# P320C first outing



## got2hav1 (Dec 18, 2014)

Just picked this one up a few days ago. Brand new, Sig Lites, thorough cleaning and lubrication. Next was a trip to the range where I ran 50 rounds of Armscor 124gr and 50 rounds of PMC 124gr. Not a single problem, just stacked the brass in a nice neat pile. The trigger looks like the traditional DA/SA Sig trigger, that is to say, no trigger safety. The reset is short and crisp and overall the trigger is great. My trigger gauge says 7lbs. break, but at the range it doesn't feel that heavy. I was able to do double and triple taps quite accurately with it. Probably better than most of pistols. I am really liking it . It isn't much to look at but functions very well. I have noticed some very good reviews and few problems reported so far.


----------



## mag318 (Apr 25, 2008)

I agree, the new P320c is a truly great pistol and will garner a big chunk of the striker fired pistol market as word gets out.


----------



## got2hav1 (Dec 18, 2014)

mag318 said:


> I agree, the new P320c is a truly great pistol and will garner a big chunk of the striker fired pistol market as word gets out.

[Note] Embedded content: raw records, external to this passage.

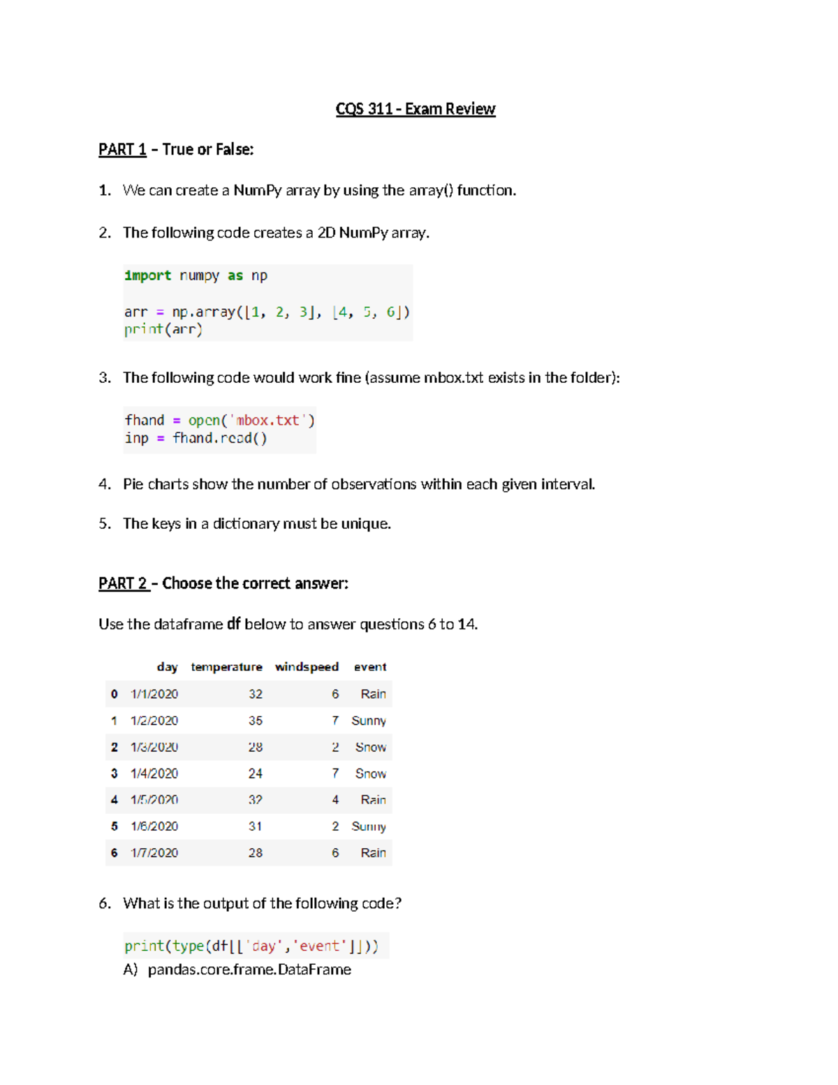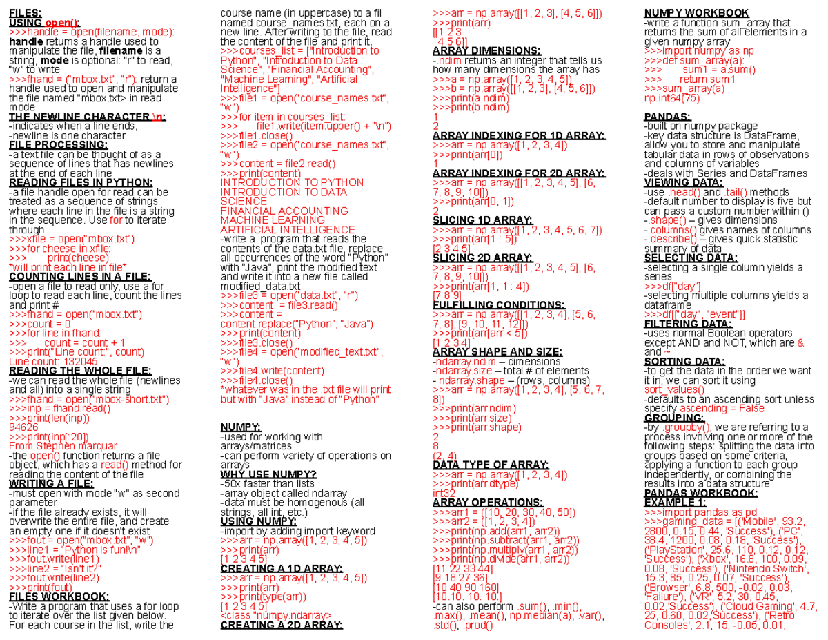 CQS311 Final Exam Study Guide: File Handling, NumPy & Pandas - Studocu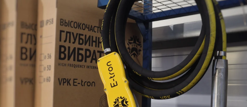Высокочастотный глубинный вибратор VPK E-tron 50 со встроенным преобразователем для уплотнения и равномерного распределения бетона в укладке на стройплощадках, а также на производстве ЖБИ. Высокая степень уплотнения обеспечивается за счет мощного, надежного электродвигателя, высококлассных подшипников и эксцентрика, находящихся в вибробулаве.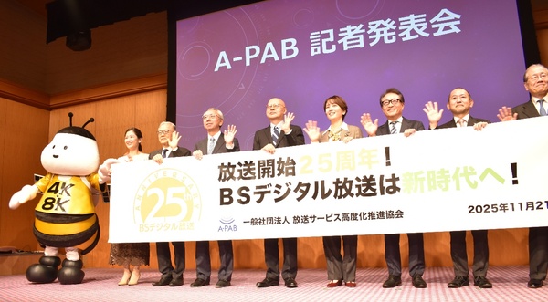 一般社団法人 放送サービス高度化推進協会(A-PAB)が、11月21日に記者発表会を開催。「放送開始25周年!BSデジタル放送は新時代へ!」というスローガンの下、NHK専務理事およびBS民放5社(BS日本・BS朝日・BS-TBS・BSテレビ東京・ビーエスフジ)の社長が一堂に会し、NHKおよびBS民放5社による共同キャンペーンの展開を紹介。各社の25周年記念特番に加え、NHKからは4K8Kの選りすぐりの番組ラインナップ、BS民放5社からは局の垣根を越えた『BS開局25周年!5局でコラボWEEK』(11月23日からスタート)の詳細が発表された。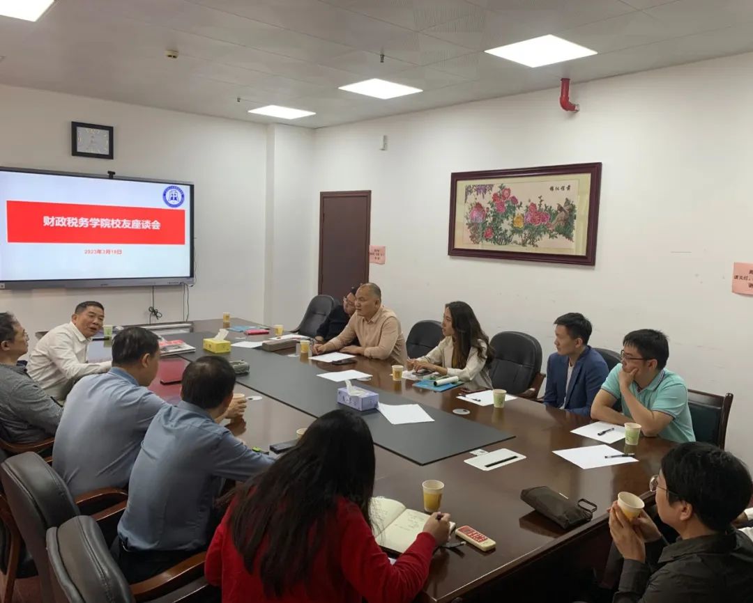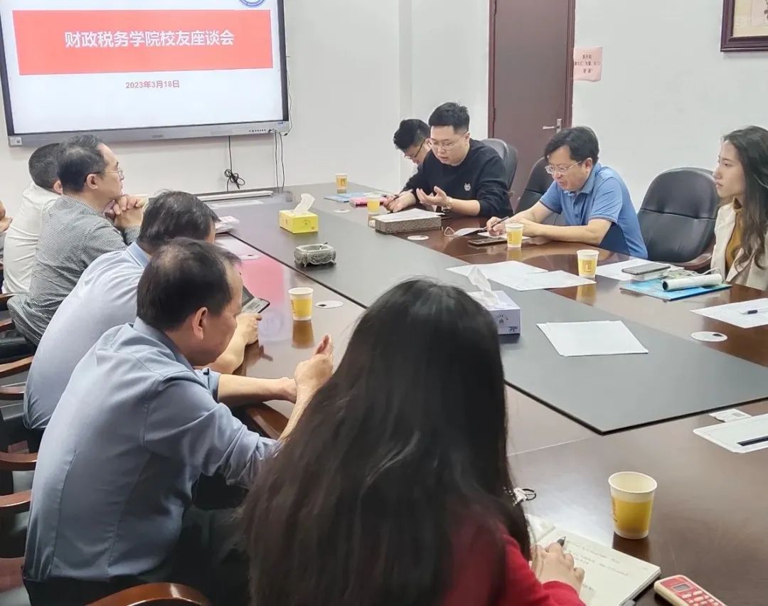 3月18日下午,财政税务学院校友座谈会在北2-301会议室召开。院长李林木、副院长郑慧娟、院党委副书记崔晓莹、原财税学院老书记谢访春、老院长姚凤民、教师代表石卫祥以及退休教师伍春梅老师等热情接待了校友赖国华、邵建盛、黄博宇、曾金飞、陈挚友、黄岸、吕翀、陈晓芳一行。

Looks killer. Nice shooting too! Mine is a brass throwing machine.


----------



## TAPnRACK (Jan 30, 2013)

Can't wait to get mine... may get the CZ Scorpion first though. The new FDE model looks great. I totally fell in love with the trigger on this gun... hard to explain it, but it just feels great! Sig knocked this one out of the park.


----------



## GCBHM (Mar 24, 2014)

One of my local LEOs carries the full size version and loves it. I haven't shot one yet, but I have to admit the trigger dry fire is pret-t-y darn crisp. The grip is a little fat for me, but it really does feel pretty good over all. I'd love to shoot one. What can you say though...it's a Sig!


----------



## cobra6 (Apr 1, 2014)

Just got mine yesterday,have yet to shoot it, this is my first Sig and hpe it lives up to all the good posts, the trigger feels very good will compare it to my Walther PPQ.


----------



## awmp (Nov 11, 2007)

Mine should be here tomorrow, very curious how its going to shoot.


----------



## neorebel (Dec 25, 2013)

I ordered mine a week ago and can't wait to get her!

I ordered the full size frame and 3.9 barrel. In the Sig Catalog it is called the carry model.


----------